Einjähriges Kind beschäftigen

Hi

Allerdings bin ich der Ansicht, dass es wichtig ist, mit Kindern von Anfang an in ganzen Sätzen und mit korrekter Grammatik zu sprechen -

Ich meinte, man solle nur öfters nur den betreffenden Begriff sagen, nicht immer. Ich finde es hilfreich, ab und zu ausschließlich den betreffenden Begriff zu sagen, so kann das Kind doch besser den Sinn der Sätze erfassen, wenn es die einzelnen Begriffe abgrenzen lernt.

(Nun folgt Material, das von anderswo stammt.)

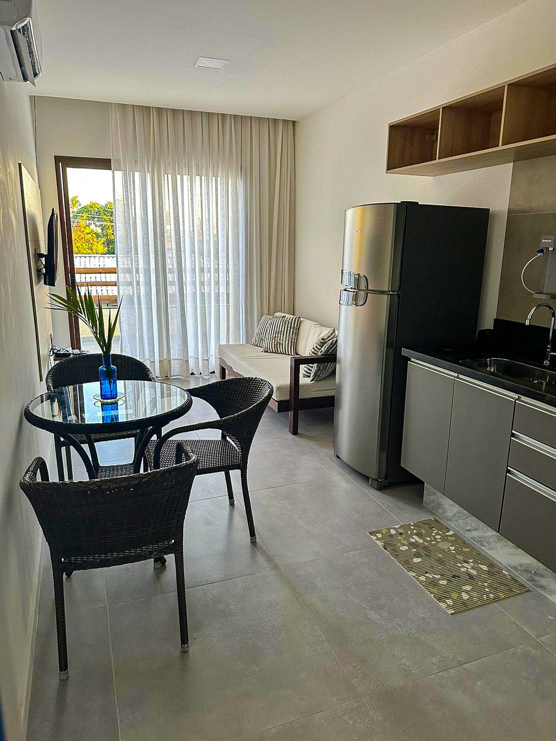 Lindo Apartamento Quarto e Sala recém-inaugurado em um village encantador na vila Praia do Forte, a apenas 3 minutos da Igreja e da praia. Moderno e aconchegante, foi projetado para máximo conforto.
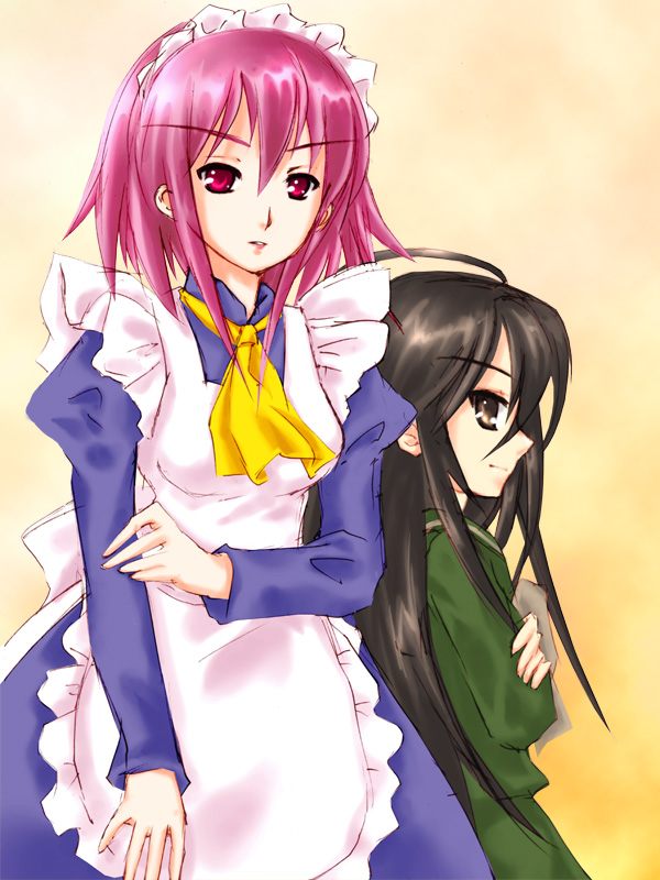 00sback-to-backblack hairbrown eyeslong hairmaidpink eyespink hairschool uniformserafukushort hair
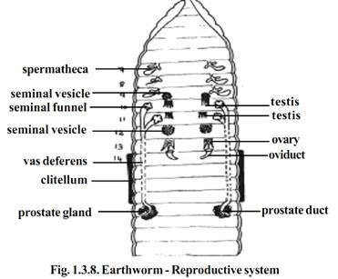 Both male and female reproductive organs are present in the same worm. Hence the earthworms are known as hermaphrodites. Since the sperms develop earlier than production of ova, self-fertilization is avoided. It is known as protandry.
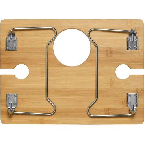 К сумке в наборе идет складной столик из натурального бамбука. Изготовленный из экологически чистого и долговечного бамбука, этот столик не только красив, но и практичен. Его легкие и прочные металлические ножки складываются одним движением, обеспечивая компактное хранение и удобную транспортировку. Возьмите его с собой на пикник, на пляж, на дачу или используйте как стильный приставной столик дома – он везде будет к месту!
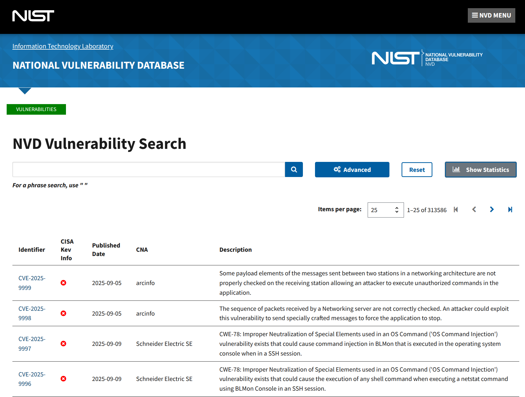 这是网络安全领域最基础也最重要的漏洞列表。自1989年创建以来,CVE已经成为全球通用的漏洞标识体系。每个漏洞都有唯一的CVE编号,这让不同组织之间的漏洞沟通变得标准化。截至2025年10月,CVE已收录超过29万+个漏洞条目,几乎涵盖了所有公开披露的安全问题。
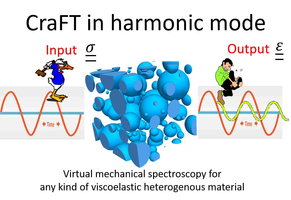 CraFT virtual DMA is a special version of CraFT dedicated to simulate DMA experiments on composites made of viscoelastic materials. Having recourse to the correspondence principle, it gives access to the effective conservative and dissipative moduli of any heterogenous material described through a voxel grid. CraFT virtual DMA sources can be downloaded here. [Lien à mettre pour télécharger les sources: Julien/Ludo]
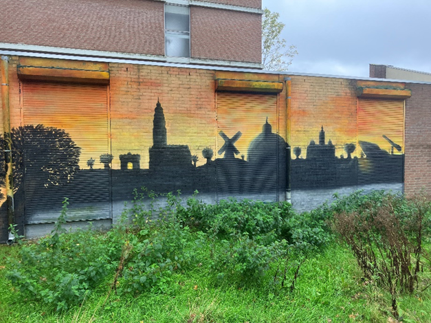 Dat het er wel inzit, blijkt wel aan het eind van onze wandeling, een fraaie muurschildering met het stadsprofiel van Middelburg.
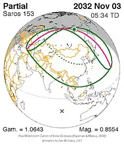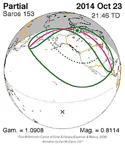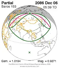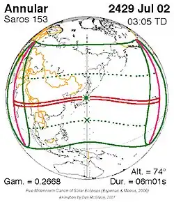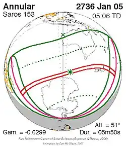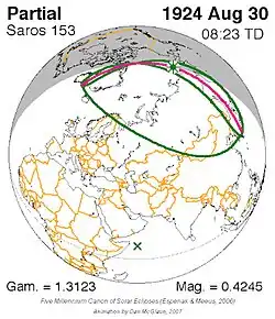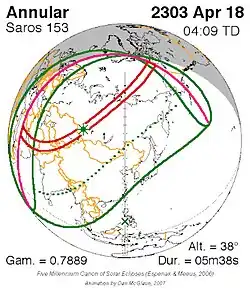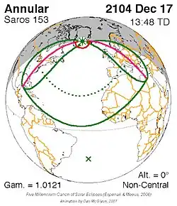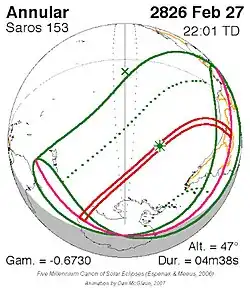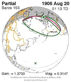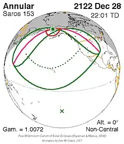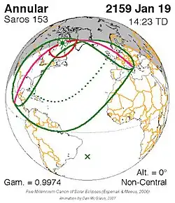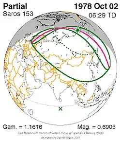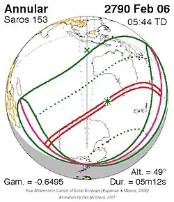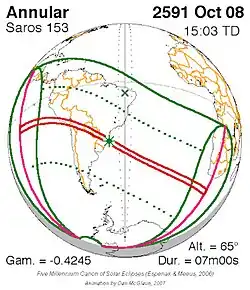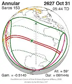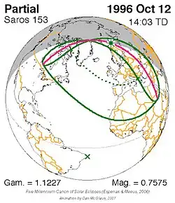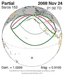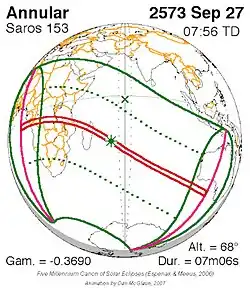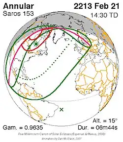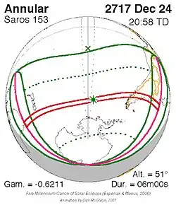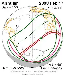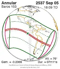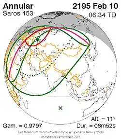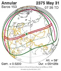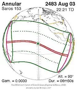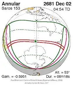 Saros 153 zonsverduisteringserie als bewegend beeld
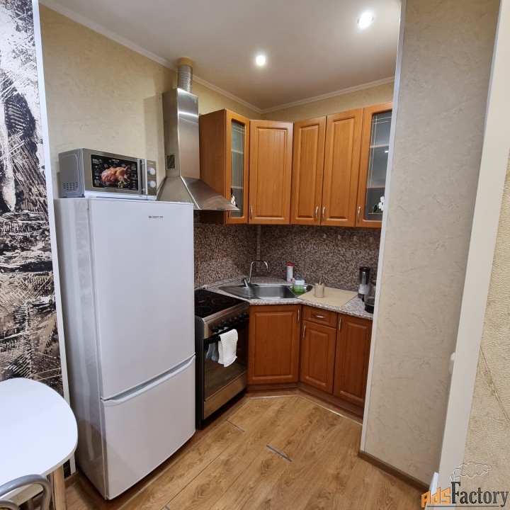 В квартире две большие кровати, холодильник, микроволновая печь, электрическая плита, чайник, посуда вся есть.
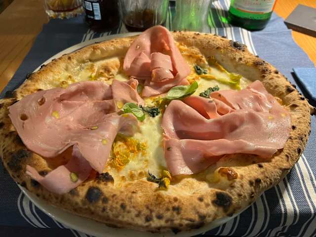 - Fior di latte dei monti lattari, prosciutto crudo di parma 24 mesi, burratina pugliese, pistacchi di bronte, pomodorini pachino DOC, basilico e olio EVO

Man kann ja auch z. B. auf einen (bzw. ein Bild von einem) laufenden Hasen, ein laufendes Pferd, einen laufenden Menschen zeigen und jeweils sagen: „läuft“.

Dann auf mehrere laufende Hasen, laufende Pferde, laufende Menschen zeigen und jeweils sagen: „laufen“.

So zum Beispiel könnte man die Bedeutung von Verben deutlich machen.

Die ganzen Sätze müssen natürlich auch kommen, aber ich dachte, das wäre sowieso das Normale, die meisten Erwachsenen reden ja in Sätzen. Ein Kind mit 14 Monaten wird im Normalfall die Grammatik eines Satzes sowieso nicht nachvollziehen können, denn sonst könnte es ja auch in ganzen Sätzen sprechen. Insofern finde ich es hilfreich, auch öfters einzelne Worte zu sagen.

Und das hier:

Man kann auch die einzelnen Laute lang und genüßlich
vorsprechen, z. B. Mmmmmmmm, Oooooooo, Aaaaaaaa, Iiiiii, T! K!
Eeeee, Ffffffffff, Sssssss, P! B …

ist imho eher für kleinere Kinder, richtige Babys, geeignet - mit 14 Monaten ist das Mädchen doch schon eher ein Kleinkind

Na gut, so genau wusste ich das im Moment nicht mehr.
Aber ich denke nicht, dass sich so kleine Kinder veräppelt fühlen, irgendwie fehlt denen oft noch das Verständnis für Veräppeln. - Einzelne Laute bewusst auszusprechen kann aber in jedem Alter hilfreich sein, auch für Erwachsene. Das macht man ja z. B. auch in der Stimmbildung. Es kann auch Spaß machen, die Laute zu bilden. Man kann sie ja mehr hinten im Hals oder mehr vorne direkt hinter den Zähnen bilden. Das kann ruhig mal ausprobiert werden, finde ich.

Und das wäre doch auch etwas, was sie direkt nachmachen können, deswegen. Es gibt ja viele Kinder, die im Alter von 18 Monaten erst ein paar Worte sagen können.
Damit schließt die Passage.